DATA SHOWN:
----

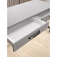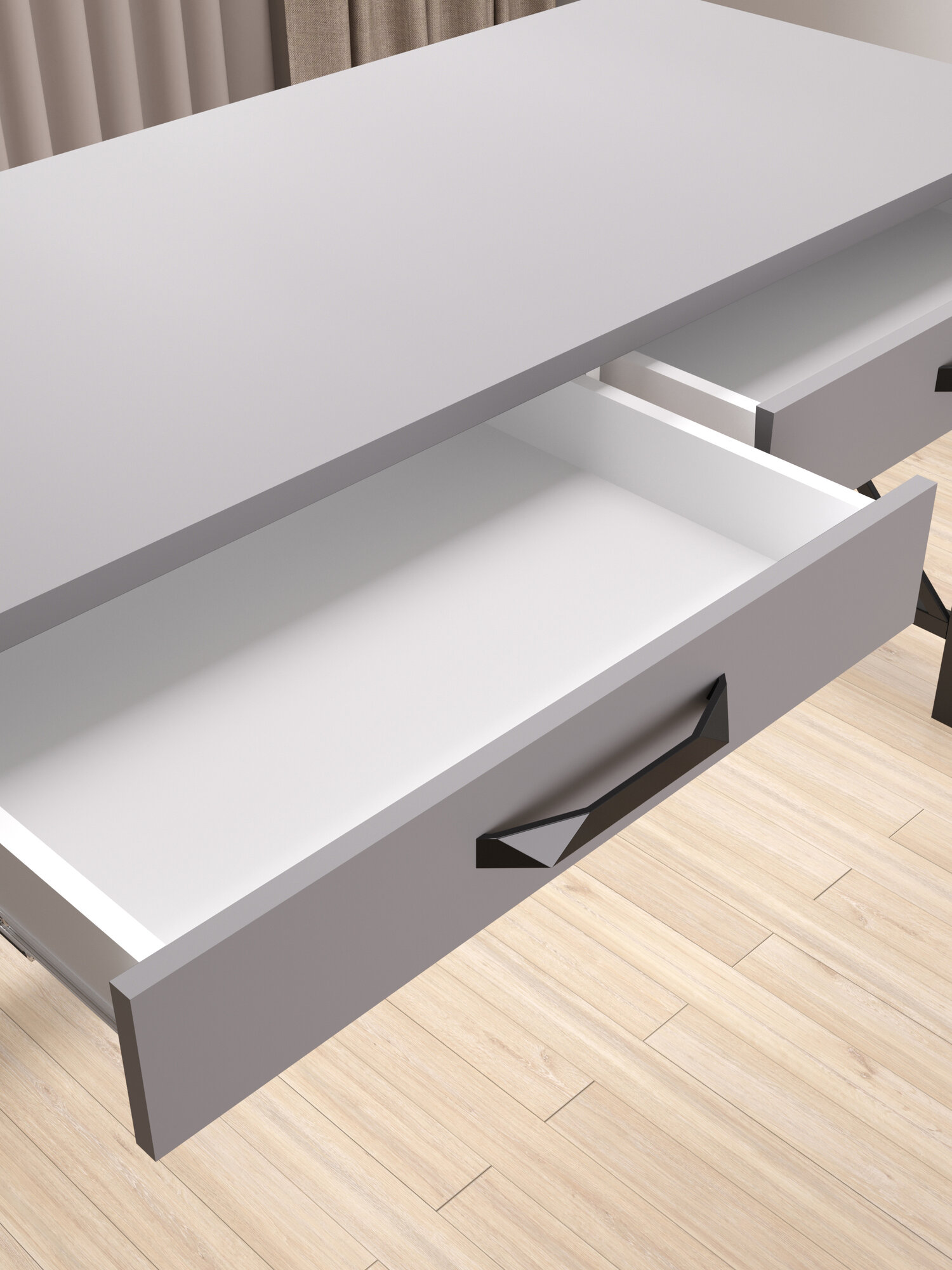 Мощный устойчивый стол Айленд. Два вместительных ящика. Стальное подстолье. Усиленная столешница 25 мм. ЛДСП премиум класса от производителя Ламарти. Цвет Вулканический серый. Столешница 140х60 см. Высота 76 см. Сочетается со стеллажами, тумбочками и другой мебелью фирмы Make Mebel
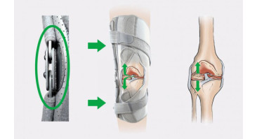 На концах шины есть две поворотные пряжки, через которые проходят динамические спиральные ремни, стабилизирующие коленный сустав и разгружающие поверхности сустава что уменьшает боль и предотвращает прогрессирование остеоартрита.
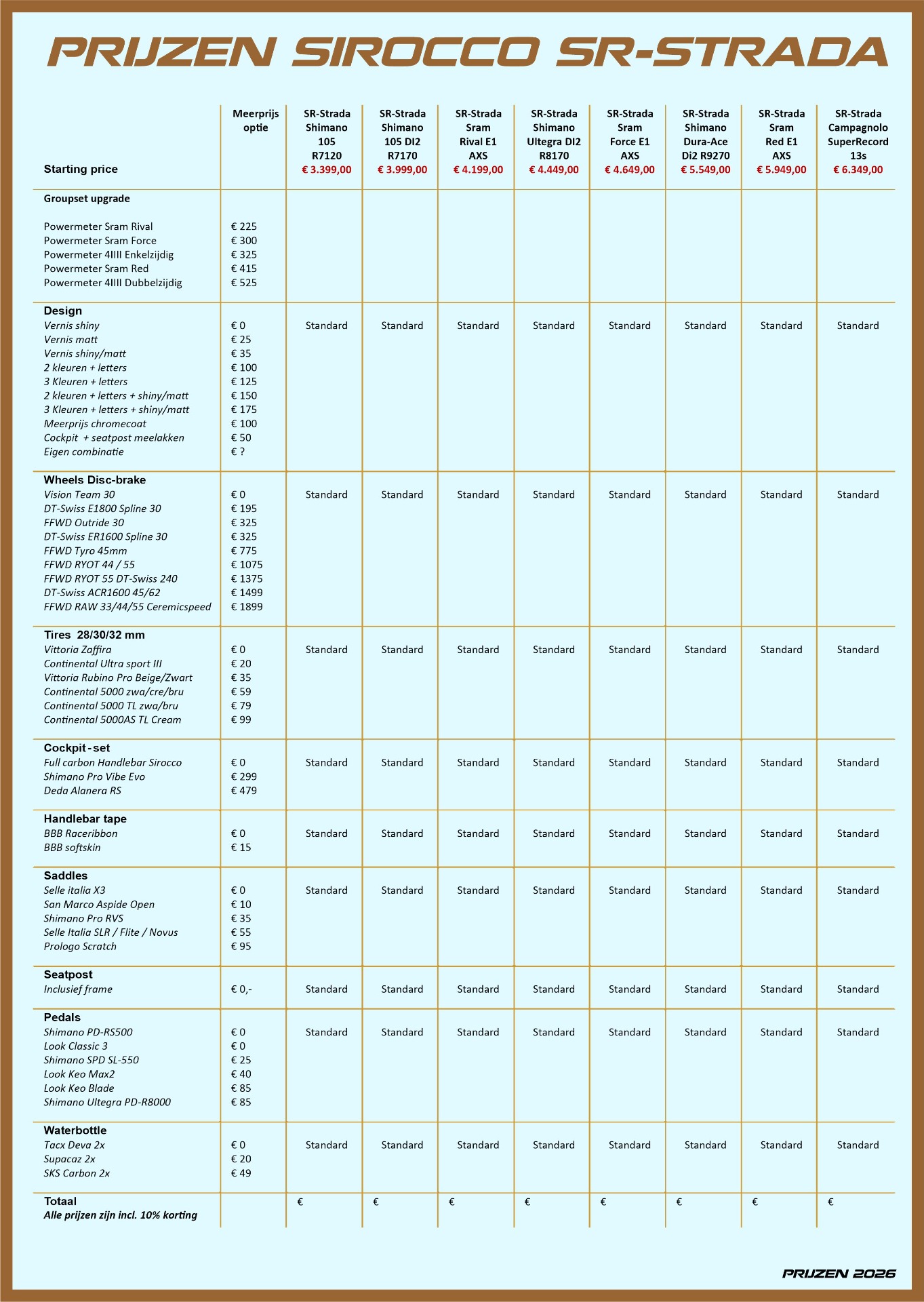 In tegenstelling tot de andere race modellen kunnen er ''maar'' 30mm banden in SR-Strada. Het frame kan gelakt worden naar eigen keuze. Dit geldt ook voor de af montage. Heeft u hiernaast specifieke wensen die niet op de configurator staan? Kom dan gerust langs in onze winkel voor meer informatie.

----

TASK:
In your reply, every line of the material should appear exactly as written, and no picture should.

PROBLEM SOLUTION:
 Мощный устойчивый стол Айленд. Два вместительных ящика. Стальное подстолье. Усиленная столешница 25 мм. ЛДСП премиум класса от производителя Ламарти. Цвет Вулканический серый. Столешница 140х60 см. Высота 76 см. Сочетается со стеллажами, тумбочками и другой мебелью фирмы Make Mebel
 На концах шины есть две поворотные пряжки, через которые проходят динамические спиральные ремни, стабилизирующие коленный сустав и разгружающие поверхности сустава что уменьшает боль и предотвращает прогрессирование остеоартрита.
 In tegenstelling tot de andere race modellen kunnen er ''maar'' 30mm banden in SR-Strada. Het frame kan gelakt worden naar eigen keuze. Dit geldt ook voor de af montage. Heeft u hiernaast specifieke wensen die niet op de configurator staan? Kom dan gerust langs in onze winkel voor meer informatie.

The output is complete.